Malheureusement, loin de présager la gloire espérée, cette nouvelle marquera le début de la guerre ouverte d’Adèle, qui jusque là était peu intervenue dans la relation adultérine de son mari.
A la fin de l’été, Adèle écrit au directeur du théatre : « Je vois le succès de la pièce compromis (…) car le rôle de la Reine a été donné à une personne qui a été un élément du tapage fait à Marie Tudor. (…) L’opinion (…) est défavorable (…) au talent de Mlle Juliette. (…) Cette dame passe pour avoir des relations avec mon mari. – Tout en étant personnellement convaincue que ce bruit est dénué entièrement de fondement, (…) le résultat est le même. (…) j’ai quelque espoir que vous (…) donnerez le rôle à une autre personne. ». Ce sera l’amante de Frédérick Lemaître qui en héritera. Juliette ne cache pas son désarroi : « Je porte en moi le deuil d’un beau et admirable rôle qui est mort pour moi à tout jamais. (…) J’ai un chagrin plus grand que tu ne peux l’imaginer. » et, même si Ruy Blas ne rencontre pas le succès escompté, sa passion pour la pièce reste intacte : « j’ai versé tout mon sang pour vous, pour votre pièce ». Le 5 décembre 1867, alors que l’Odéon projette une reprise de la pièce, Napoléon III la fait interdire car « il ne faut pas que le scandale d’Hernani se renouvelle ». Juliette est plus affectée encore que Hugo par cette injustice, comme en témoigne son abondante correspondance. Ses lettres sur le sujet sont réunies dans l’ouvrage de Paul Souchon (Autour de Ruy Blas. Lettres Inédites de Juliette Drouet A Victor Hugo, Albin Michel, 1939).

Pendant des années, elle milite pour sa réhabilitation et, lorsqu’en 1872 Ruy Blas est enfin accueilli à l’Odéon, elle assiste et commente chaque étape de cette résurrection. Ainsi au sortir de la première lecture de Hugo aux comédiens, le 2 janvier 1872 : « Victoire, mon grand bien-aimé ! Émotion profonde et enthousiaste de tout ton auditoire. (…) Ruy Blas depuis le premier mot jusqu’au dernier est le chef-d’œuvre des chefs-d’œuvre. Je suis sortie de là éblouie, ravie, t’aimant, t’admirant et t’adorant comme le premier jour où je t’ai entendu. C’était autour de moi, tout à l’heure chez toi, à qui était le plus transporté et le plus ému de l’auteur et de la pièce. Je suis honteuse de te le dire si mal, mais je cède au besoin de mon cœur tout plein de ton génie et de mon amour. Te voilà, mon adoré, je me hâte de baiser tes ailes et tes pieds. »

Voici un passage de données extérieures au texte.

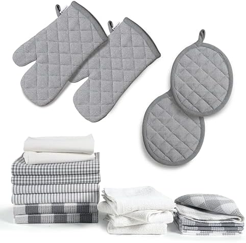 Oven Mitts and Kitchen Towel Sets with Pot Holders, 500 Degree Heat Resistant Kitchen Mitts and Pot Holders, Kitchen Washcloth Towel Set, Pure Cotton Kitchen Hand Towels Sets
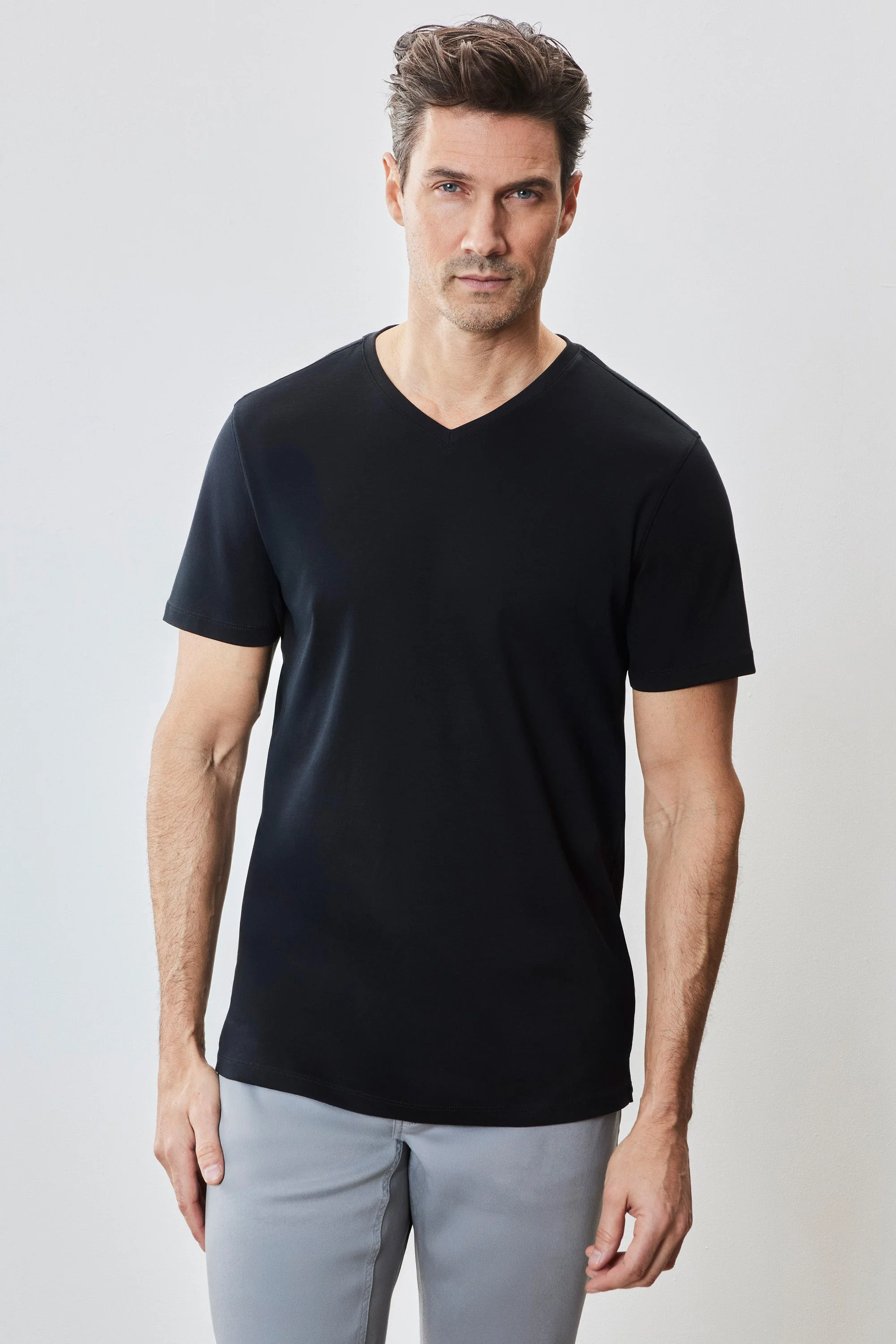 Also known as the Georgia V-neck T-shirt. It is the equally comfortable and stylish brother of The Barakett Tee. Made with our signature Pima cotton fabric with Soft Water finishing, it's the ultimate in comfort, luxurious hand feel, and clean appearance. A versatile piece in any man's wardrobe; elevate any look with the most comfortable V-neck ever. Features - 100% USA grown Pima cotton - Long-lasting color retention - Shape retention engineering
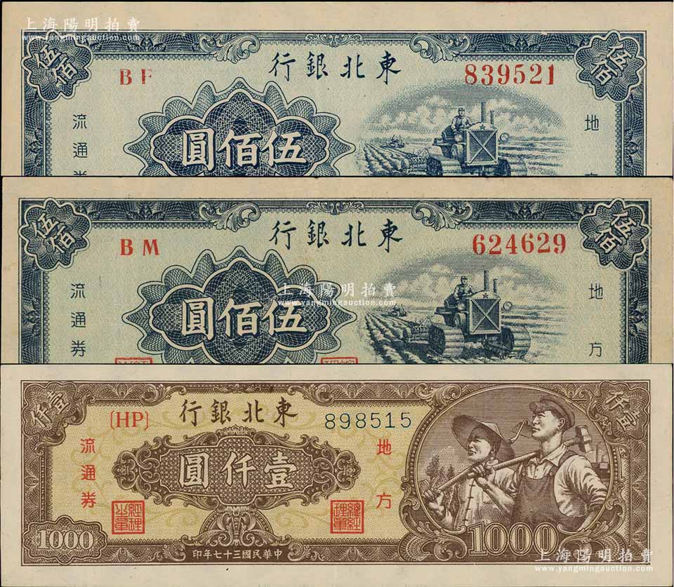 东北银行纸币3枚,详分:1948年工农图壹仟圆,1950年伍佰圆2枚;前辈藏家出品,八至九成新
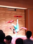 男性の徐領義さんは、かなり柔らかい体で、あり得ない位、グルグル回ってた!!踊りの後に、両はじに水を入れた入れ物を1本のヒモで、溢れない様に水平を保ちながら、、、また、グルグル踊って、天上高く投げては、キャッチして、、、凄かった!!
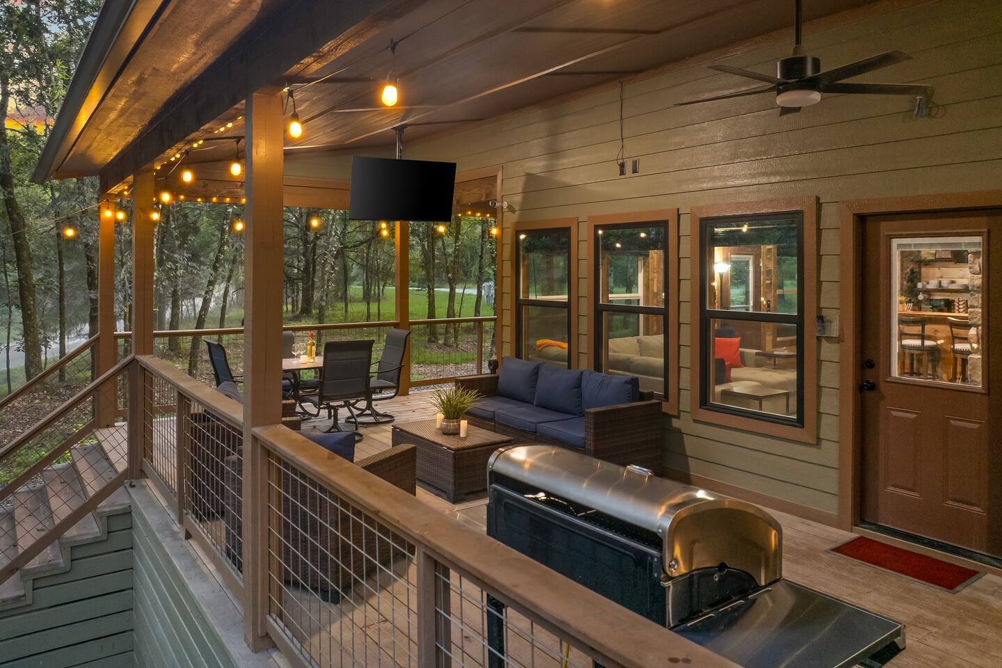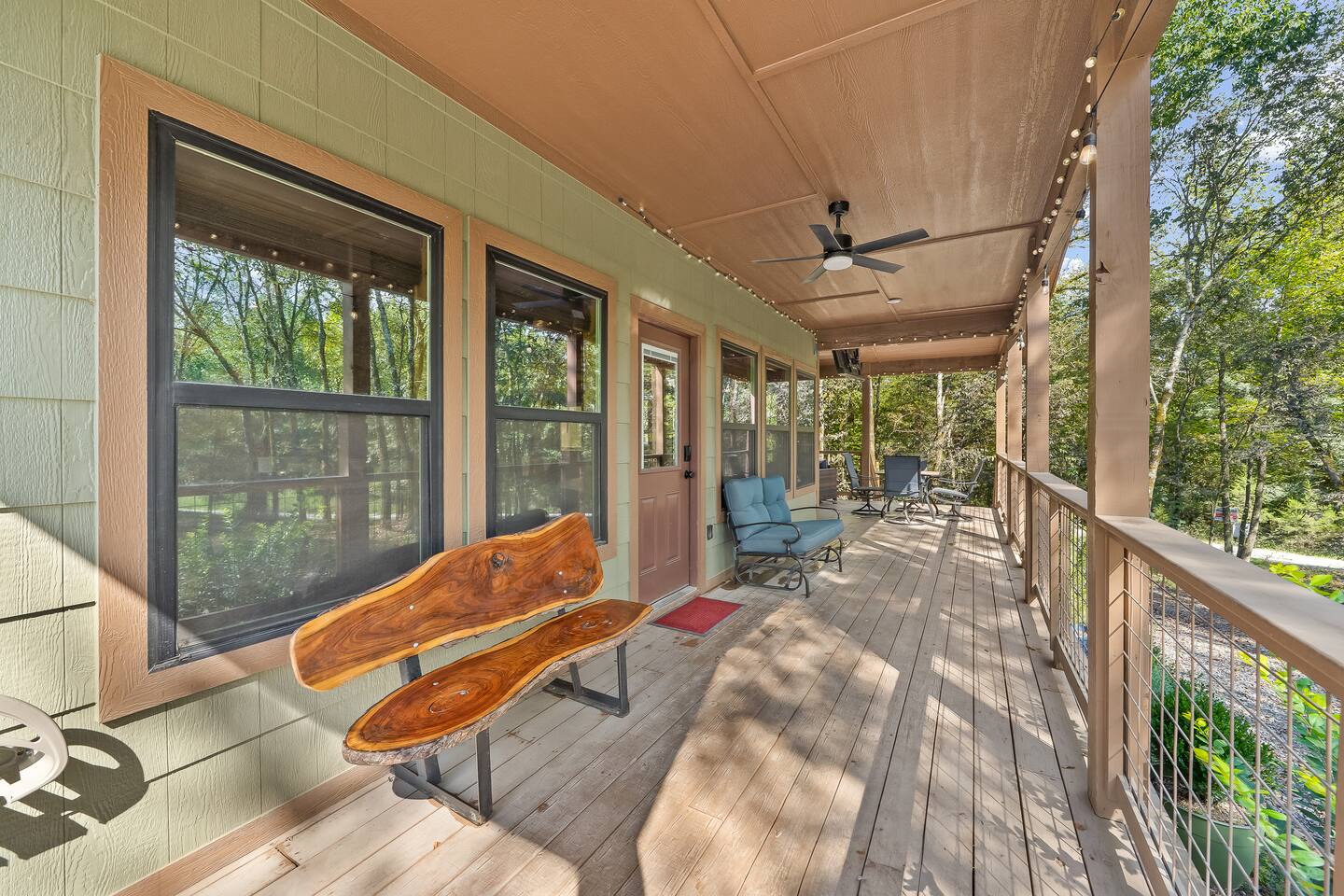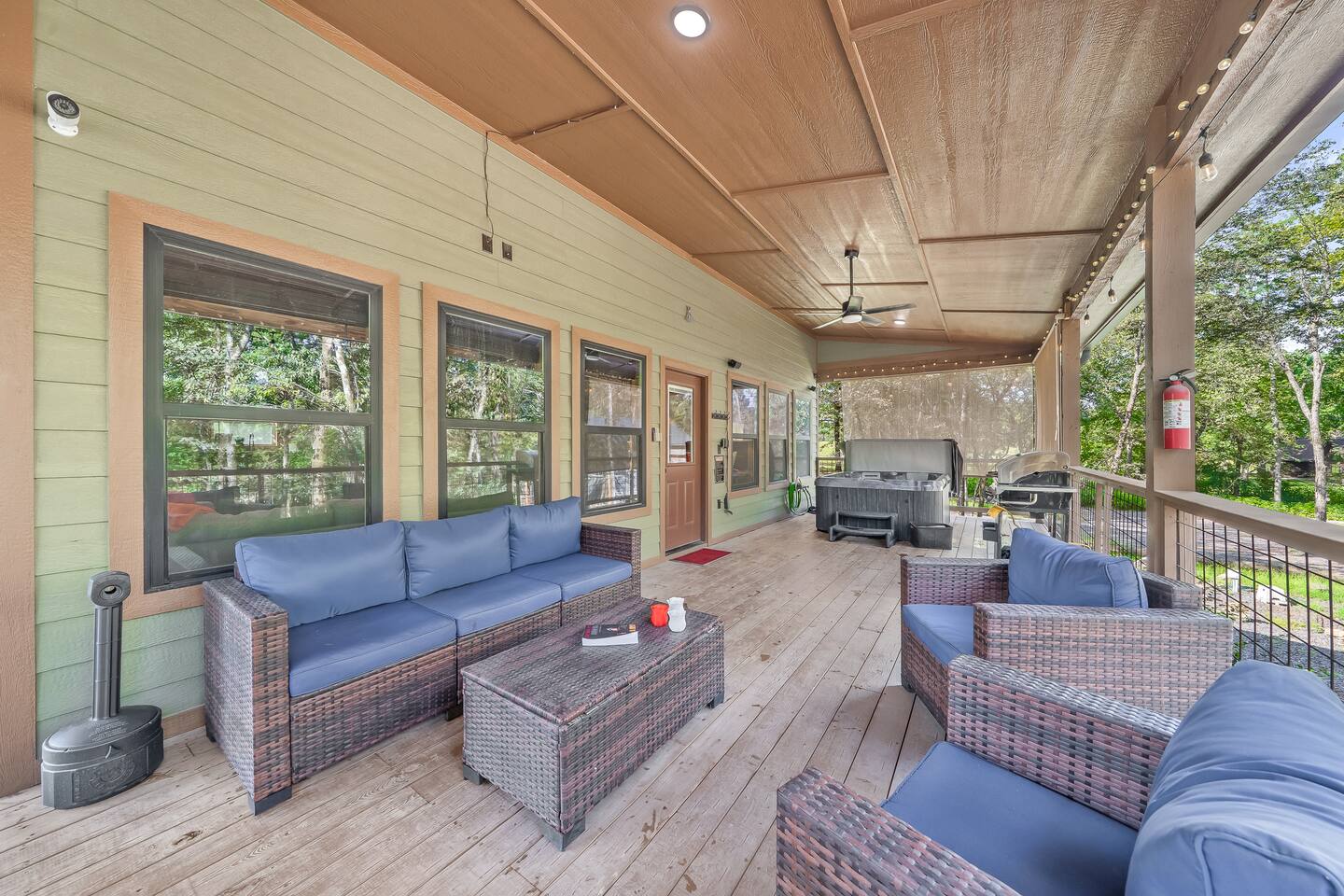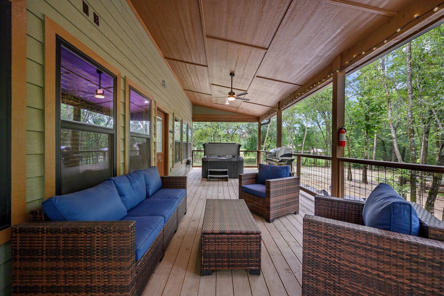 ⭑Primary Bedroom: Come On Baby Light My Fire⭑ ✔ Spacious and romantic ambiance, perfect for couples ✔ Luxurious bed linens, extra pillows, and blankets for ultimate comfort ✔ Clothing storage and hangers ✔ 65" Smart TV above the mantle ⭑Living Room:⭑ ✔ Cozy living space with a 65" Smart TV for your streaming pleasure ✔ Vent-free propane gas indoor fireplace for a warm, intimate setting ✔ 65" Smart TV above the mantle ⭑Kitchen & Dining Area:⭑ ✔ Fully equipped kitchen with stainless steel appliances: LP propane gas 5-burner cooktop range, fridge, microwave, and dishwasher (dishwasher pods provided) ✔ Cooking basics, dinnerware, and silverware included ✔ Keurig/coffee machine combo and wine glasses for a relaxing experience ✔ Grill accessories, utensils, and marshmallow/hot dog skewers located in kitchen drawer ⭑Bathrooms:⭑ ✔ Hotel-quality towels & linens, toilet paper, hand soap, and a starter kit of body wash, shampoo & conditioner ✔ Private toilet area ✔ Spacious walk-in shower with bench seat Laundry: ✔ Full-size stackable washer/dryer (washing pods provided) ⭑Outdoor Space:⭑ ✔ Private area with a fire pit ✔ Year-round hot tub spa for a soothing experience ✔ Outdoor hard piped BBQ grill (no need to bring propane) ✔Outdoor dining table with four chairs on the back porch ✔Outdoor patio set with sofa, 2 side chairs, and a coffee table ✔55" Smart TV on the porch ⭑Safety & Security:⭑ ✔ Exterior security cameras for peace of mind (no cameras face the hot tub) ✔ Smoke alarm, carbon monoxide alarm, and first aid kit provided ✔ Fire extinguishers located in the kitchen left of the sink and on patio right of grill ⭑Entertainment & Connectivity:⭑ ✔ High-speed Wi-Fi and dedicated workspace ✔ 3 Smart TVs ⭑Heating & Cooling:⭑ ✔ Central air conditioning and heating ✔ Ceiling fans for added comfort ⭑Parking & Accessibility:⭑ ✔ Free driveway parking for up to 4 vehicles ✔ Single-level home with no stairs — easy accessibility ✔ Several steps to the porch ✔ Boat parking available ⭑Services and Experiences⭑ ✔ NEW: Add-on services available - From a romantic dinner prepared by a private chef to a local in-cabin massage therapy ✔ Short distance from trails, wineries, and Hochatown's new Airbnb Experiences ✔ Schlage Encode Keypad Self check-in for convenience Your stay at Come On Baby Light My Fire promises unforgettable comfort, modern convenience, and an atmosphere designed to spark connection. This luxurious creek-side escape is sure to be one of our most popular retreats. Book now and let the flames of romance and cherished memories run wild at Come On Baby Light My Fire. Booking with Tree Frog Getaways means securing more than just a place to stay. You’re choosing a five-star experience managed by one of the top-performing management teams in the industry. Some of our cabins rank among the top 5% on Airbnb. All of our cabins are ranked among guest favorites that are celebrated for their thoughtful details, premium amenities, and spotless presentation. Availability is limited, so reserve your dates today.

Avec Sarah Bernhardt dans le rôle de la reine, la pièce est un triomphe qui ira croissant au fil des représentations.
Le lendemain de la première, Juliette commente cette consécration attendue depuis plus de trente ans : « Tu vois, mon bien-aimé, que je t’avais dit la vérité sur le prodigieux et formidable enthousiasme de tous les spectateurs hier. Jamais tu n’[en] as eu et n’en pourras avoir de plus grand. C’était un délire général qui allait crescendo à chaque vers. Ta sublime poésie subjuguait toutes les âmes et on sentait des effluves d’adoration sortant de tous les cœurs. Les tonnerres d’applaudissements étaient si continus et si forts qu’il jaillissait des étincelles électriques de toutes les mains. (…) Quant à moi, je sens dans ce mois béni un renouveau d’amour et il me semble que tous mes doux souvenirs refleurissent et parfument mon âme de bonheur. Et je voudrais déposer à tes pieds un bouquet divin. »

C’est Victor Hugo qui finalement dépose « aux pieds de [s]a dame » ce chef-d’œuvre du romantisme en témoignage de leur amour mythique.